Organising 'Various Artists' album files

Everyone has compilation albums featuring multiple artists in their digital music collections. How they are tagged and how the music files are organised is much more variable. This goes for both the differences between collections but also differences within collections.

It's the differences within collections that need fixing. If compilation track files are named with inconsistent artist names, for instance, they become harder to browse on your hard disk and so more difficult to administer and, potentially, listen to.

How should the files in 'Various Artists' compilation albums be arranged, then?

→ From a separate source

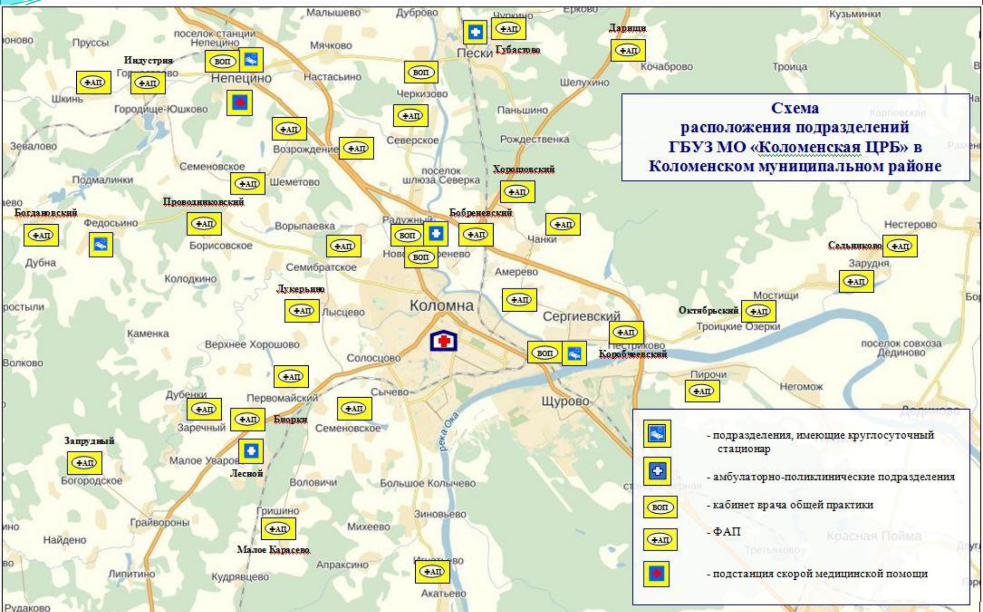
Схема расположения подразделений ГБУЗ МО «Коломенская ЦРБ» в Коломенском муниципальном районе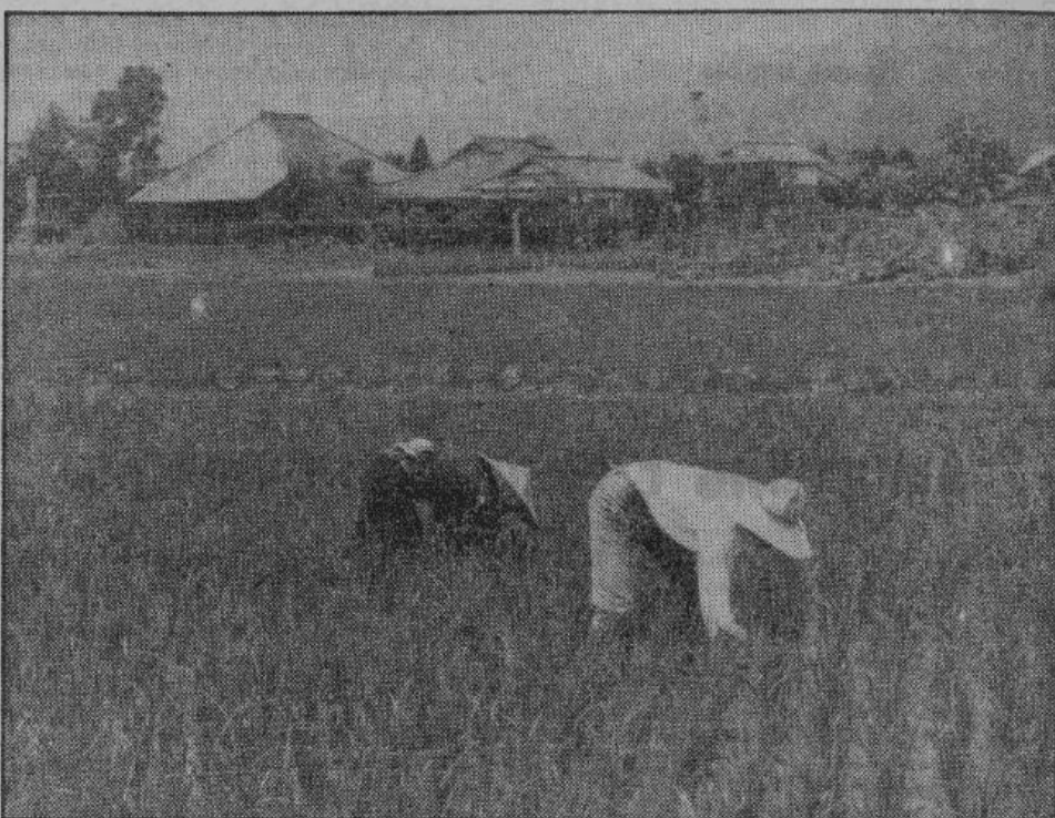
Рисовые поля — богатство населения. Бирма — один из самых крупных экспортеров риса

The first step is that the file and directory names should be based on the tags located within the music files themselves, and when the tag changes, so should the file name or file structure.

The next step is to work out how you want the 'album artist' to appear for compilation albums. You could choose 'Various', 'Various Artists' or whatever (depending on your language of course!) but the important thing is that this applies consistently across your entire music library. The text you choose should be applied to the 'ALBUM_ARTIST' tag within your music files.

Once all your compilation albums have the same ALBUM_ARTIST tag, it's time to work out how this is applied to your file structures. Somewhere in your file structure you will probably have the artist name. A 'pattern' for the file organisation may be:
/[album artist name]/[album name]/[track name].mp3
Or
/[album artist name]-[album name]/[album artist name]-[track name].mp3
Wherever '[album artist name]' appears, your chosen artist name tag should appear.

The final decision to make is how to treat capitalisation and whitespace. The latter only matters if you choose an artist name with whitespace, for instance 'Various Artists'. Assuming you did choose 'Various Artists', how capitalisation and whitespace is treated would give you the following differing example file structures:







Title case, allow spaces
/Various Artists/My Compilation/Intro.mp3
Lower case, replace whitespace with underscores
/various_artists/my_compilation/intro.mp3
Personally, I use lower case, replacing whitespace with underscores. This is because I use Linux whose files are case-sensitive. It makes writing scripts easier if files and directories do not have spaces in them.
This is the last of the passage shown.